(Stored entries)
□ □ □ □ □ □ □

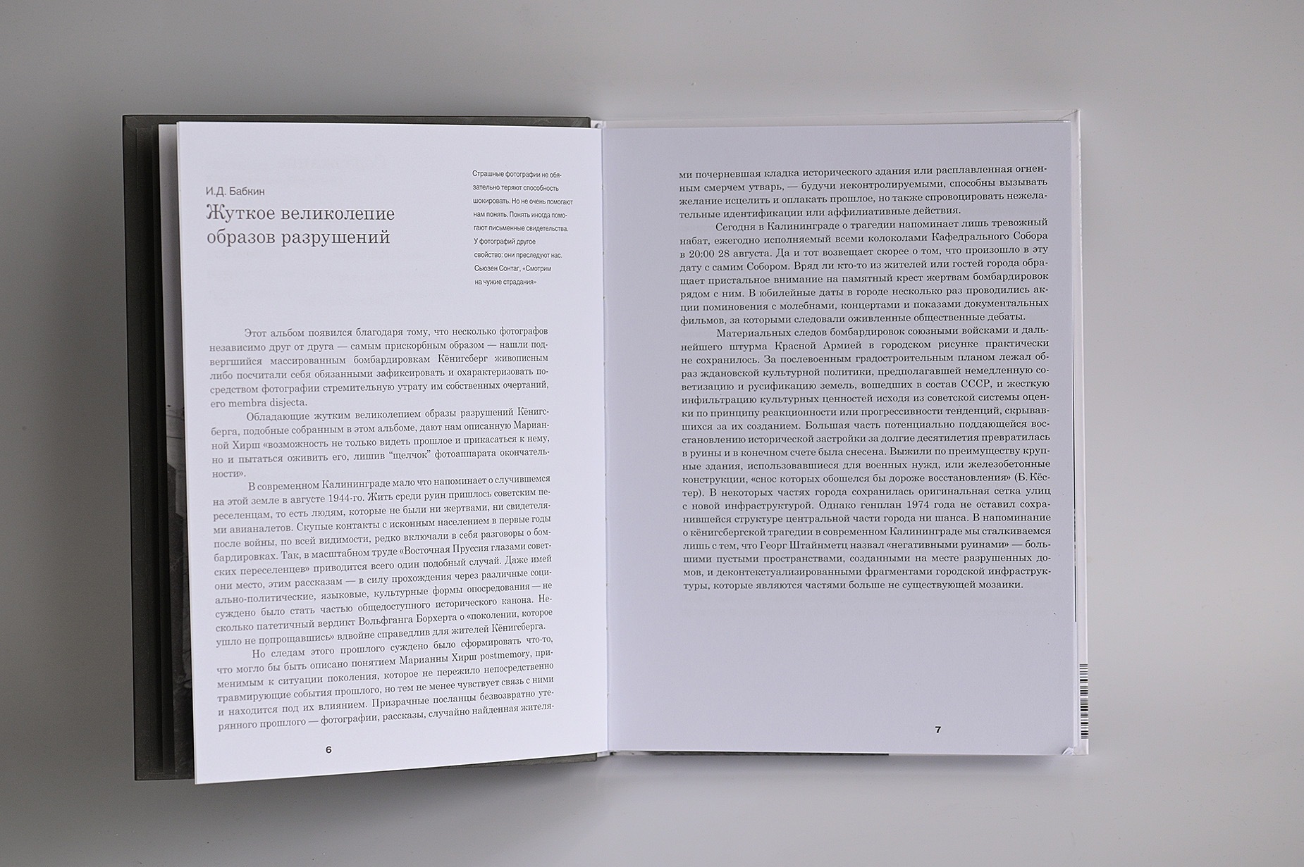 В книге представлены несколько коллекций фотографий Кёнигсберга, фиксирующих последствия британского авианалёта на город в конце августа 1944 года, а так же повседневную жизнь горожан среди руин сожжённого города.
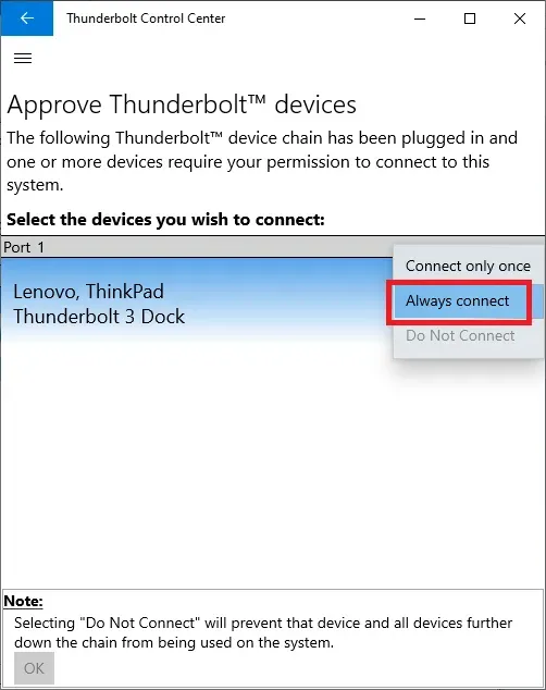 As soon as I launched the app, it saw my Lenovo dock but it said it was not connected. I clicked on that, told it to “Always Connect” and voilà, everything started working.
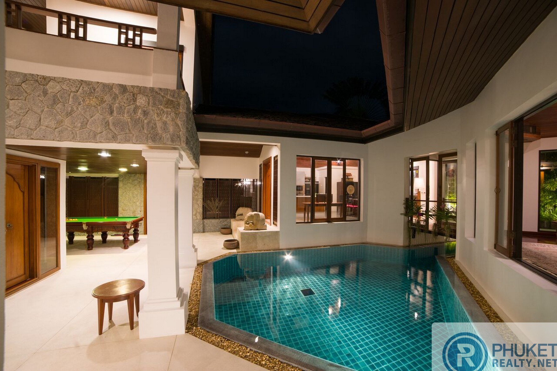 Hidden in a small alley off the Surin main road lies Surin  a residence composed of 12 villas built around a lovely lake. The peaceful atmosphere invites you to chill out and relax. The villa is composed of 5 bedrooms with en-suite bathrooms. It has 2 dining areas, one near the kitchen, the other, al fresco, right beside the lake, a perfect place to enjoy a barbecue. For you to enjoy and have fun, you have a swimming pool, pool table, table tennis, dart board, board gamesThe spaceThe villa is right beside a lake. This water feature gives it a feeling of peace, tranquility and beauty. Additional to that, to the contrary of many private villas that require the rental of a car or a motorbike to move around and be able to do things, the location of Surin Lake Villa is such that you can do all your shopping, go to the beach, to restaurants, to massages, and other various shops, simply by walking. While in the villa, for your entertainment, you will have at your disposal, internet TV (Netflix), Billiard Table, Dart Game, Table Tennis, many Board Games available on request.Other things to noteWe will provide daily housekeeping. The linen will be changed every three days, or on demand in case of problem. If you wish your towels to be replaced, just drop them in the laundry basket. Every bathroom has one. Electricity is free up to a daily charge of THB 500, which is what we consumed when we lived in the villa. Anything above that amount will be charged to the guest. THB 500 per day allows for a normal usage of electricity, and should encourage our guests not to waste energy.
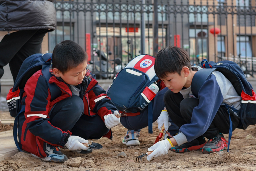 阳春三月,万物复苏,处处洋溢着春天的气息。春种一粒粟,秋收万颗子,恰逢一年春耕时节,一场别开生面的"开学第一课"在河南农业大学校园内拉开序幕。学校党委副书记何松林、学校相关部门负责人,以及农学院、郑州市金水区建业小学的师生代表共同在劳动中感悟"耕种从此起"的时节转换,体验"汗滴禾下土"的农耕不易。
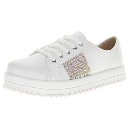 O Tênis Feminino Beira Rio é confeccionado em Napa Turim com aplicação em strass, acabamento em costura, fechamento por cadarço de amarração, palmilha em PU e solado em borracha antiderrapante.
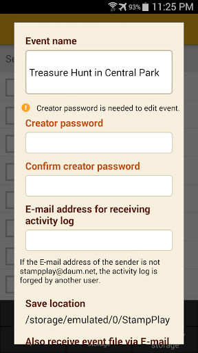 Event files created by an individual user can be shared with other users on online community sites or via E-mail. Event files created by companies, central or local governments, and private organization can be shared on respective websites or be distributed by uploading on [event notice] at Stamp Play.
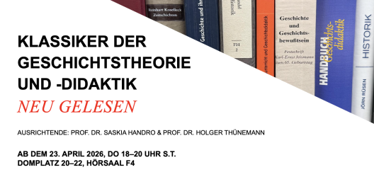 Die Vortragsreihe startet im SoSe 2026 und wird im WiSe 2026/27 fortgesetzt. Sie richtet sich an ein interessiertes Fachpublikum, Lehrende sowie fortgeschrittene Studierende des Lehramts Geschichte und der Geschichtswissenschaft.
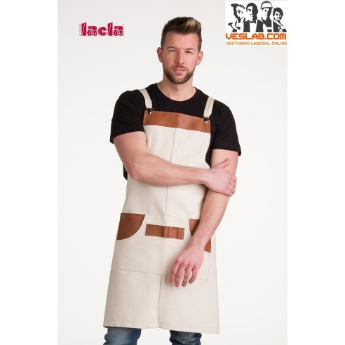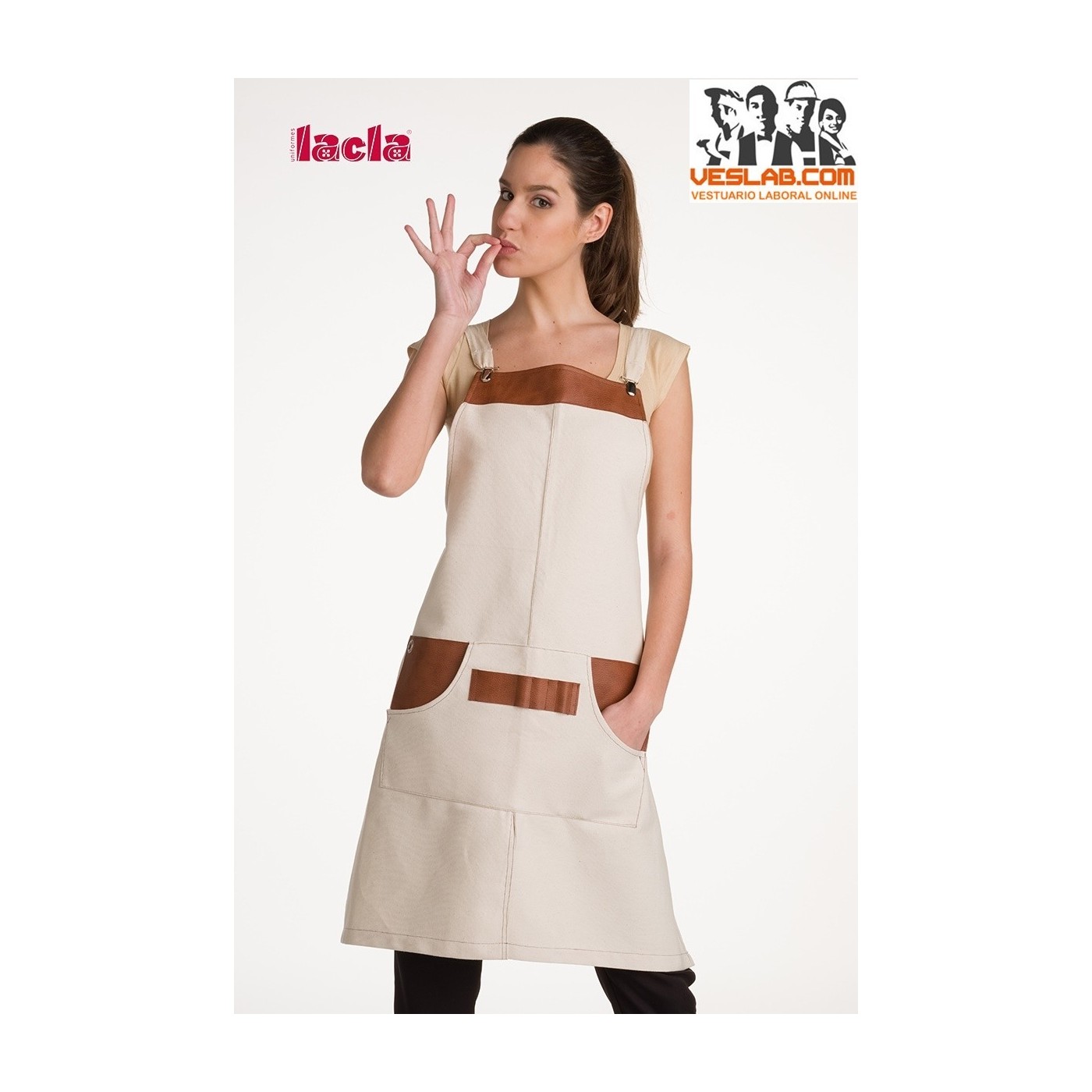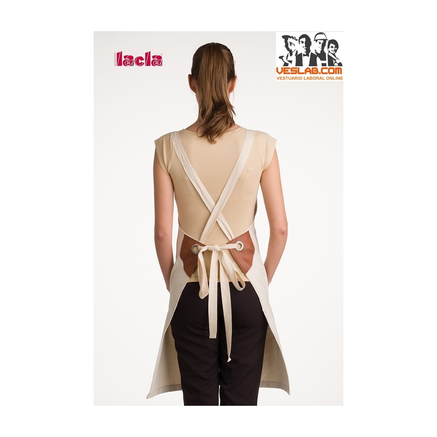 Medium print apron with draped bib and pocket, adjustable neck strap with buckle. It fits with ribbons that are knotted in the back.
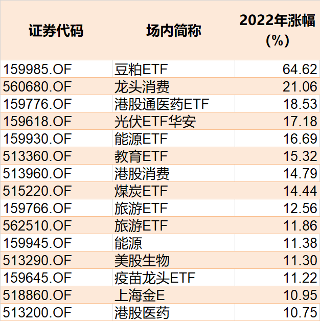 2022年收官之日,两市股指维持红盘报收,但纵观全年,A股主要股指均收跌。而随着今日交易结束,2022年基金业绩排名也尘埃落定,场内ETF成绩率先出炉。
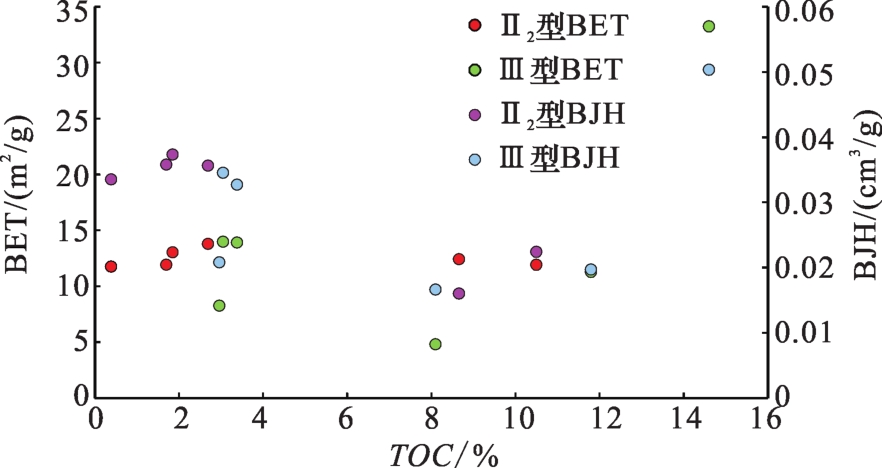 图11 黏土含量相近但干酪根类型不同页岩样品的BET与BJH分布特征 |

□ □ □ □ □ □ □

Leaving out the pictures, repeat the data above exactly.

 В книге представлены несколько коллекций фотографий Кёнигсберга, фиксирующих последствия британского авианалёта на город в конце августа 1944 года, а так же повседневную жизнь горожан среди руин сожжённого города.
 As soon as I launched the app, it saw my Lenovo dock but it said it was not connected. I clicked on that, told it to “Always Connect” and voilà, everything started working.
 Hidden in a small alley off the Surin main road lies Surin  a residence composed of 12 villas built around a lovely lake. The peaceful atmosphere invites you to chill out and relax. The villa is composed of 5 bedrooms with en-suite bathrooms. It has 2 dining areas, one near the kitchen, the other, al fresco, right beside the lake, a perfect place to enjoy a barbecue. For you to enjoy and have fun, you have a swimming pool, pool table, table tennis, dart board, board gamesThe spaceThe villa is right beside a lake. This water feature gives it a feeling of peace, tranquility and beauty. Additional to that, to the contrary of many private villas that require the rental of a car or a motorbike to move around and be able to do things, the location of Surin Lake Villa is such that you can do all your shopping, go to the beach, to restaurants, to massages, and other various shops, simply by walking. While in the villa, for your entertainment, you will have at your disposal, internet TV (Netflix), Billiard Table, Dart Game, Table Tennis, many Board Games available on request.Other things to noteWe will provide daily housekeeping. The linen will be changed every three days, or on demand in case of problem. If you wish your towels to be replaced, just drop them in the laundry basket. Every bathroom has one. Electricity is free up to a daily charge of THB 500, which is what we consumed when we lived in the villa. Anything above that amount will be charged to the guest. THB 500 per day allows for a normal usage of electricity, and should encourage our guests not to waste energy.
 阳春三月,万物复苏,处处洋溢着春天的气息。春种一粒粟,秋收万颗子,恰逢一年春耕时节,一场别开生面的"开学第一课"在河南农业大学校园内拉开序幕。学校党委副书记何松林、学校相关部门负责人,以及农学院、郑州市金水区建业小学的师生代表共同在劳动中感悟"耕种从此起"的时节转换,体验"汗滴禾下土"的农耕不易。
 O Tênis Feminino Beira Rio é confeccionado em Napa Turim com aplicação em strass, acabamento em costura, fechamento por cadarço de amarração, palmilha em PU e solado em borracha antiderrapante.
 Event files created by an individual user can be shared with other users on online community sites or via E-mail. Event files created by companies, central or local governments, and private organization can be shared on respective websites or be distributed by uploading on [event notice] at Stamp Play.
 Die Vortragsreihe startet im SoSe 2026 und wird im WiSe 2026/27 fortgesetzt. Sie richtet sich an ein interessiertes Fachpublikum, Lehrende sowie fortgeschrittene Studierende des Lehramts Geschichte und der Geschichtswissenschaft.
 Medium print apron with draped bib and pocket, adjustable neck strap with buckle. It fits with ribbons that are knotted in the back.
 2022年收官之日,两市股指维持红盘报收,但纵观全年,A股主要股指均收跌。而随着今日交易结束,2022年基金业绩排名也尘埃落定,场内ETF成绩率先出炉。
 图11 黏土含量相近但干酪根类型不同页岩样品的BET与BJH分布特征 |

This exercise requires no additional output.